• [WHAT THE TASK ASKS]:
This task calls for the lines below starting at the one containing "Sala de Jantar" and ending at the one containing "The ergonomic wrist", repeated exactly with both ends kept and pictures left out.

• [RECORDS SHOWN]:

Content starts

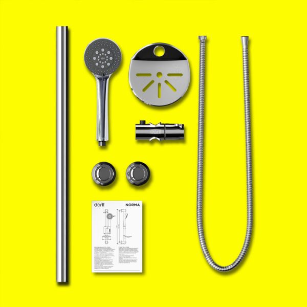 Многофункциональный душевой комплект Norma очень практичен и удобен в использовании. Хромированный шланг комплекта защищен от перекручивания, есть функция регулировки по высоте, удобная мыльница, а ручной душ имеет 5 функций. Стильный дизайн и минималистичное цветовое решение позволит удачно вписать душ в любой дизайн интерьера.
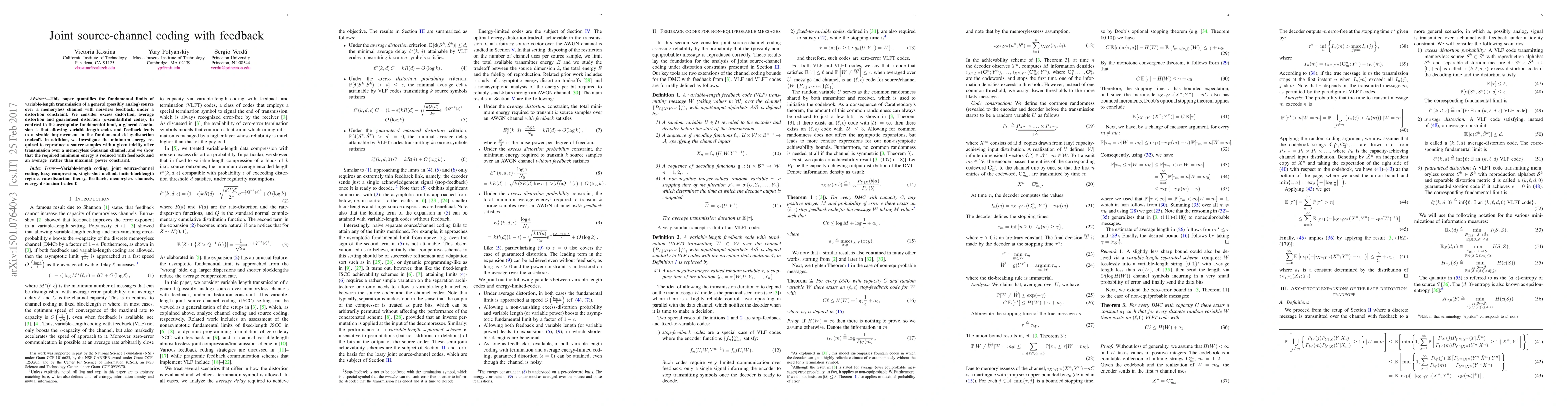 This paper explores the benefits of variable-length codes and noiseless feedback in joint source-channel coding, demonstrating significant improvements in delay-distortion tradeoffs. It also investigates the minimum energy needed for source reproduction over a Gaussian channel, showing reduced energy requirements with feedback and average power constraints.
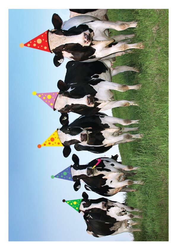 5 x 7″ greeting card printed in full-colour with a colour coordinated envelope. INSIDE: Party ’til the cows come home. Happy Birthday!. Printed in Canada
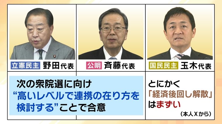 一方の野党はどう反応しているのか。立憲民主党の野田代表と公明党の斉藤代表は、次期衆院選に向けて「高いレベルで連携のあり方を検討する」ことで合意したといいます。また、国民民主党の玉木代表は「とにかく経済後回し解散はまずい」と自身のSNSで発信しています。
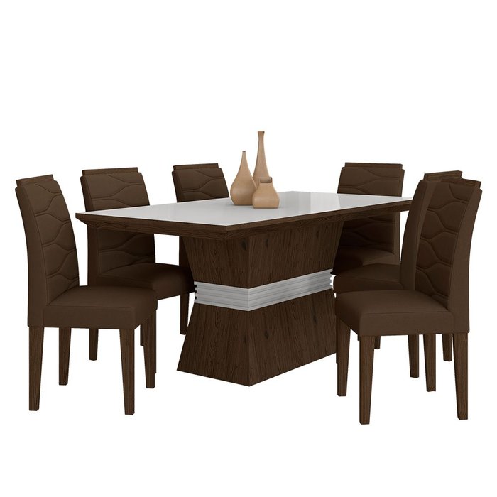 Sala de Jantar 6 Cadeiras Nazca Imbui/off Whi/marro - Móveis Arapongas Imbuia/off White/marrom 04
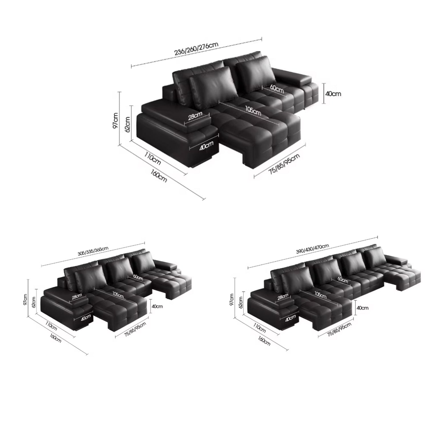 Bring luxury and comfort to your home with our BAETENS electric couch. Crafted from premium Italian genuine cowhide leather, this sofa bed features high-resilience foam cushions for optimal comfort. Its sturdy construction includes a pine wood internal structure, high-density foam infill, and a reliable Germany Okin silencing mechanism. The electric motorized chaise provides effortless adjustment, making it perfect for relaxation and entertainment.
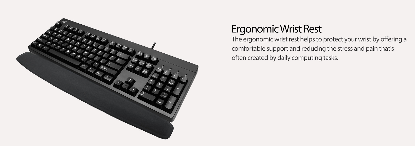 The ergonomic wrist rest helps to protect your wrists by offering a comfortable support and reducing the stress and pain that’s often created by daily computing tasks.
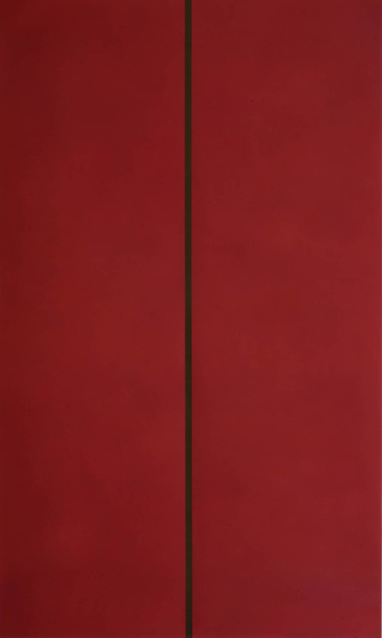 Three flat rectangular things with a stripe of colour running centrally from top to bottom, produce the effect of simultaneous contrast. Each of the central stripes is modified by the context in which ‘it finds itself’. Such stuff is commonplace. They stand, paper on aluminium, off the wall, crisp edged in the eye. What are they? They are displayed in the manner of ‘pictures’, have some pictorial attributes.
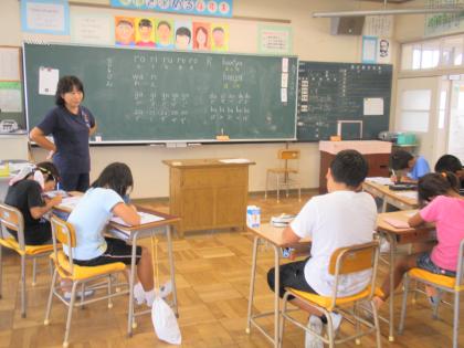 4年生は国語「ローマ字」の学習をしていました。自分の名前をローマ字で書くことができました。友達同士で見合っていました。
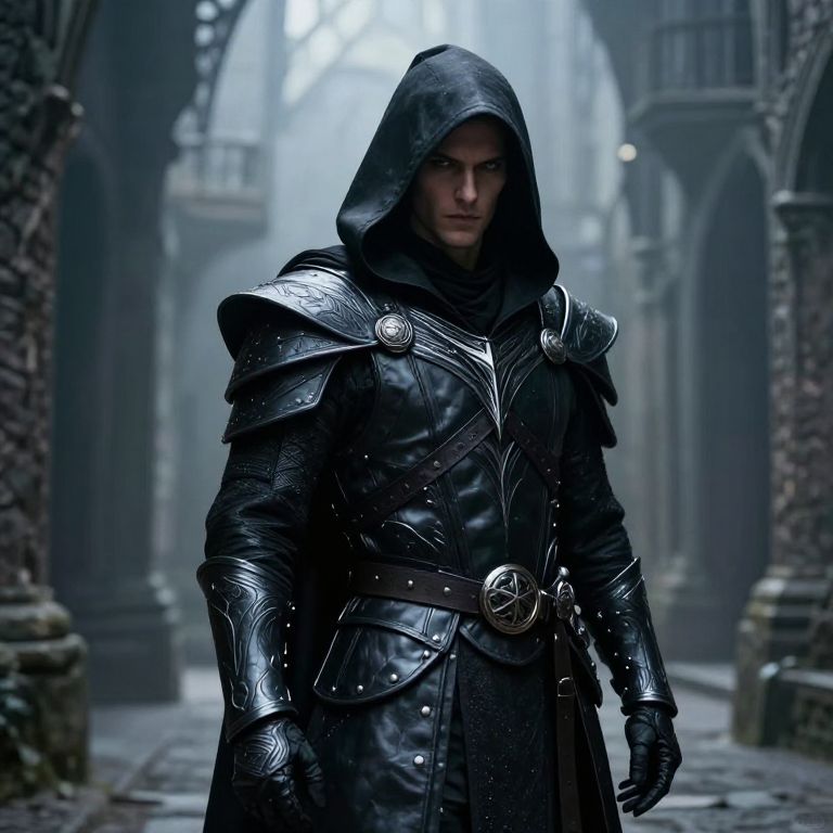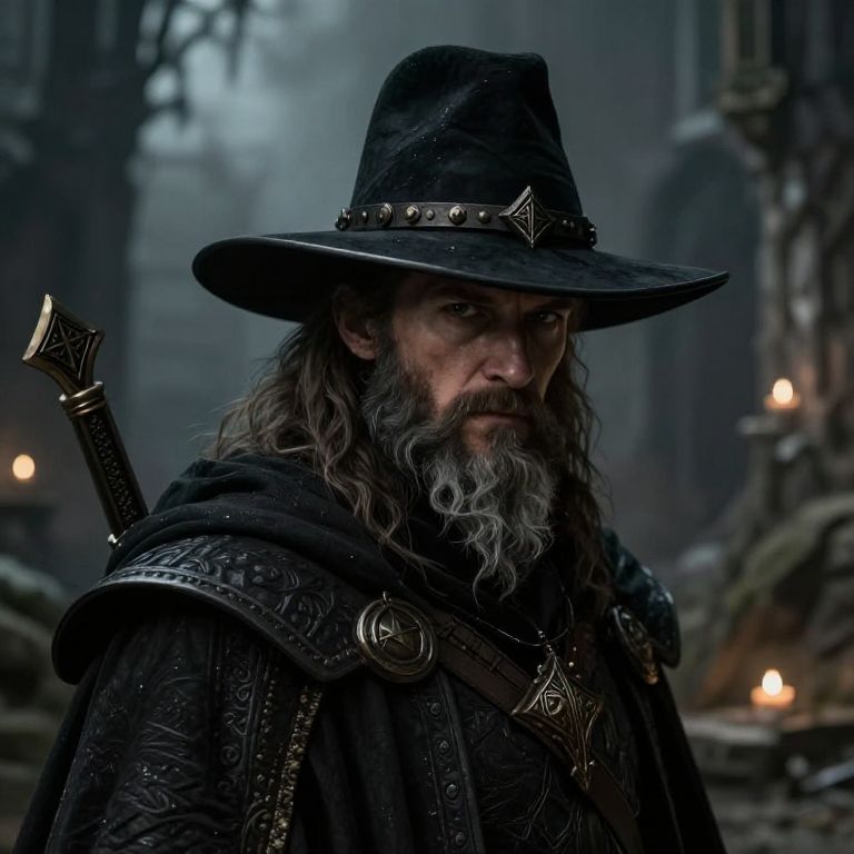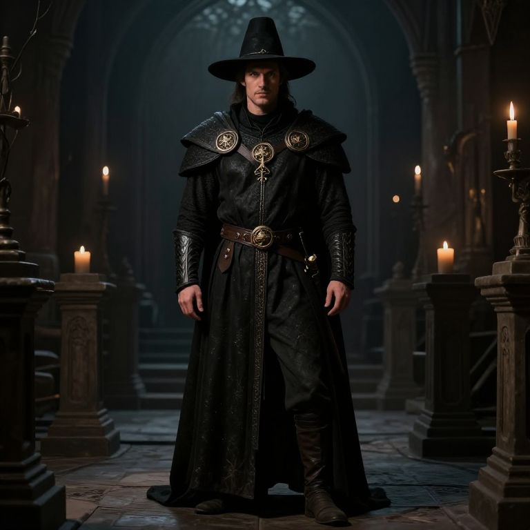 Accolades full body, a gamemaster of DnD with nice black hat, hyper detailled, hyper realistic, 8k, medieval fantasy world, dark theme,

Content ends

• [TASK RESPONSE]:
 Sala de Jantar 6 Cadeiras Nazca Imbui/off Whi/marro - Móveis Arapongas Imbuia/off White/marrom 04
 Bring luxury and comfort to your home with our BAETENS electric couch. Crafted from premium Italian genuine cowhide leather, this sofa bed features high-resilience foam cushions for optimal comfort. Its sturdy construction includes a pine wood internal structure, high-density foam infill, and a reliable Germany Okin silencing mechanism. The electric motorized chaise provides effortless adjustment, making it perfect for relaxation and entertainment.
 The ergonomic wrist rest helps to protect your wrists by offering a comfortable support and reducing the stress and pain that’s often created by daily computing tasks.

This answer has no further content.